EXERCISE DETAILS — Copy down the listing below exactly. Do not include pictures.

DATA —
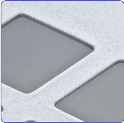
Detailbild Gitter TK 600/145-2.

LA-KA-PE-Spritzgießteile zeichnen sich durch ihre hohe Verarbeitungsqualität aus. In sämtlichen Produkten steckt die lange Erfahrung eines traditionsreichen Kunststoffverarbeiters.
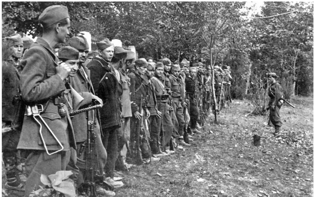
Бойцы Народно-освободительной армии Югославии

TASK OUTPUT —
Detailbild Gitter TK 600/145-2.

LA-KA-PE-Spritzgießteile zeichnen sich durch ihre hohe Verarbeitungsqualität aus. In sämtlichen Produkten steckt die lange Erfahrung eines traditionsreichen Kunststoffverarbeiters.
Бойцы Народно-освободительной армии Югославии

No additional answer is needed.